Learning multi-agent system dynamics has been extensively studied for various real-world applications, such as molecular dynamics in biology. Most of the existing models are built to learn single system dynamics from observed historical data and predict the future trajectory. In practice, however, we might observe multiple systems that are generated across different environments, which differ in latent exogenous factors such as temperature and gravity. One simple solution is to learn multiple environment-specific models, but it fails to exploit the potential commonalities among the dynamics across environments and offers poor prediction results where per-environment data is sparse or limited. Here, we present GG-ODE (Generalized Graph Ordinary Differential Equations), a machine learning framework for learning continuous multi-agent system dynamics across environments. Our model learns system dynamics using neural ordinary differential equations (ODE) parameterized by Graph Neural Networks (GNNs) to capture the continuous interaction among agents. We achieve the model generalization by assuming the dynamics across different environments are governed by common physics laws that can be captured via learning a shared ODE function. The distinct latent exogenous factors learned for each environment are incorporated into the ODE function to account for their differences. To improve model performance, we additionally design two regularization losses to (1) enforce the orthogonality between the learned initial states and exogenous factors via mutual information minimization; and (2) reduce the temporal variance of learned exogenous factors within the same system via contrastive learning. Experiments over various physical simulations show that our model can accurately predict system dynamics, especially in the long range, and can generalize well to new systems with few observations.

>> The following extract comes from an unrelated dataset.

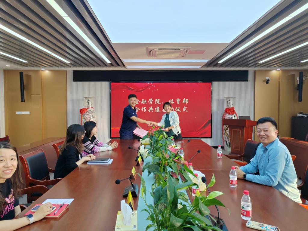 10月16日下午,成人片 与校体育部合作共建签约仪式在德经楼508会议室举行。校体育部主任严永军、副主任李树梅、教学教研室副主任付爽、高水平竞训中心副主任徐亚涛、办公室主任陈胜利以及成人片 党委副书记张士青、副院长陈晓慧、学工办主任黄炜、团委书记韩娅、办公室冒林波老师参加了签约仪式。签约仪式由成人片 党委副书记张士青主持。
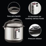 • Automatinės gaminimo programos: 10 (sauté, apkepinimas, gaminimas su slėgiu, lėtas maisto ruošimas, sriubos, mėsos, vištienos gaminimo programos, ryžių virimas, rizotas, garų funkcija).

翻译：多智能体系统动力学学习已在诸多实际应用中得到广泛研究，例如生物学中的分子动力学。现有模型大多基于观测到的历史数据学习单一系统动力学并预测未来轨迹。然而在实际应用中，我们可能观测到不同环境下生成的多个系统，这些环境在温度、重力等潜在外源因素上存在差异。一种简单的解决方案是学习多个环境特异性模型，但这未能利用跨环境动力学中潜在的共性，且在每环境数据稀疏或有限的情况下预测效果不佳。本文提出GG-ODE（泛化图常微分方程），这是一个跨环境学习连续多智能体系统动力学的机器学习框架。该模型采用图神经网络参数化的神经常微分方程学习系统动力学，以捕捉智能体间的连续交互。通过假设不同环境下的动力学受共同物理定律支配，且该定律可通过学习共享的ODE函数捕获，我们实现了模型泛化。为每个环境学习的独特潜在外源因素被纳入ODE函数以解释环境差异。为提升模型性能，我们额外设计了两项正则化损失：（1）通过互信息最小化强制学习初始状态与外源因素的正交性；（2）通过对比学习降低同一系统内学习到的外源因素的时间方差。在多种物理模拟上的实验表明，本模型能准确预测系统动力学（尤其擅长长期预测），并能基于少量观测高效泛化至新系统。